Retail start-up Neighborhood Goods shutters all four stores. Launched in 2018, the company has raised more than $25 million in funding. In early January, Neighborhood Goods closed its stores in Plano and Austin, Texas.
Levi Strauss sues Brunello Cucinelli over trademarked tab. The lawsuit seeks to end sales of infringing products, unspecified damages including lost profits, and other remedies. Levi said repeated attempts to resolve the dispute without litigation were unsuccessful.
Matthew Williams sets new strategy for 1017 ALYX 9SM. The label will bring fresh focus to its womenswear offer, shift its base of operations to Paris, and return to the Paris Men’s Fashion Week calendar. It will also double down on its direct-to-consumer business.
THE BUSINESS OF BEAUTY
Unilever’s US and European market share slips as private label booms.
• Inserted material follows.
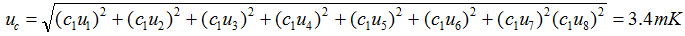 b、確定擴展不確定度確定擴展不確定度U=kuc,取k=2,U=6.8mK。

The company’s underlying price growth was 13.3 percent at its height in the fourth quarter of 2022. In the United States, Unilever’s body wash business, which includes Dove products, lost the most market share – down 510 basis points.
Givaudan sales surge to $8 billion. Growth was especially seen in its fragrance and beauty division, where sales grew 7.6 percent to CHF 3.3 billion ($3.8 billion). Fine fragrances were up 14 percent. The company noted “sustained high levels” of new business for its fine fragrances division.
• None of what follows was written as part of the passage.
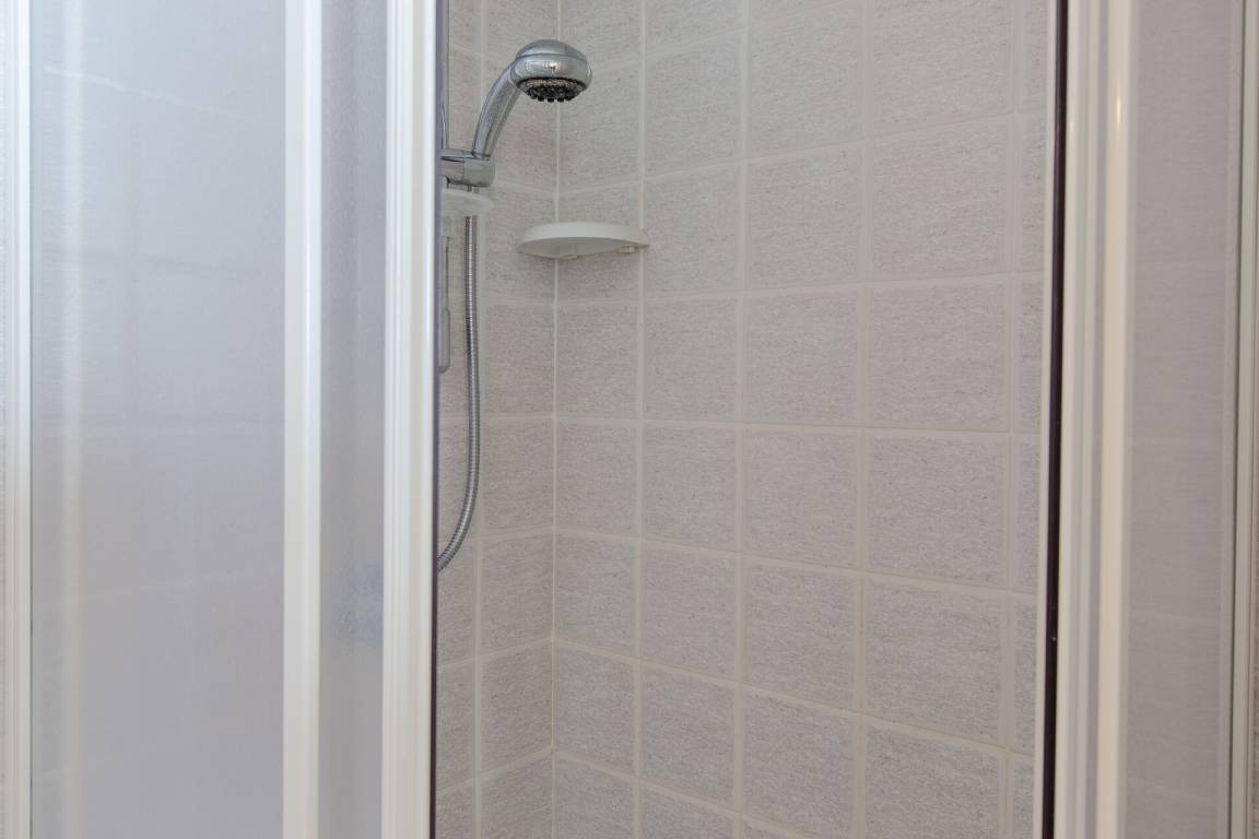 Schlafzimmer mit Bad: Doppelbett, Fliegengitter, Waschbecken, WC, Dusche, Fön.

Ultra Violette secures AUD $15 million investment from Aria Growth Partners. The Australian sun care brand hopes the capital will aid in product innovation and global expansion. Ava Chandler-Matthews and Rebecca Jefferd, the brand’s founders, will remain at the helm.
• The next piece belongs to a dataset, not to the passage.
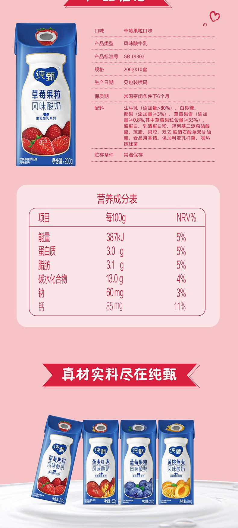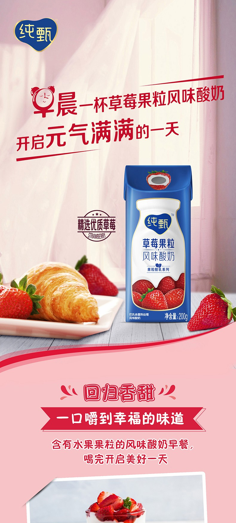 纯甄草莓果粒风味酸奶康美笑脸包200g×10包H

P&G’s strong margins take heat off annual profit forecast cut. The company’s net sales rose 3.2 percent, missing LSEG estimates, due to slowing demand for products including beauty brand SK-II in its second-largest market China. The company’s core profit came in at $1.84 per share, beating estimates of $1.70.
Bridgepoint acquires anti-ageing brand Roc Skincare. The deal was for around $500 million, one source said, speaking on condition of anonymity. Bridgepoint, which has €39.5 billion ($43 billion) of assets under management, has made similar investments including its purchase of French cosmetics company Vivacy in 2022.
Pamela Anderson purchases stake in Sonsie Skin. She shares a stake in the company alongside founders Marie von Behrens-Felipe and Roberto A. Felipe, who launched the brand in June 2023. She joins the company as co-founder and co-owner.
Hair and scalp line Jupiter secures $3 million in funding round. Willow Growth Ventures and Springdale Ventures participated in the extended seed round. Funding was previously raised in a 2019 pre-launch round, with additional rounds in 2021 and 2022.
PEOPLE
LVMH’s Arnault set to propose sons Alexandre and Frédéric for company’s board. The board nominations would then be subject to a vote at the company’s annual general meeting in April. Arnault and his family own about 48 percent of LVMH shares and nearly 64 percent of voting rights.
Kim Kardashian returns as Balenciaga ambassador. Kardashian’s ties with Demna and Balenciaga were called into question in November 2022 following an advertising scandal. “I’m excited about this next chapter for the brand,” Kardashian said.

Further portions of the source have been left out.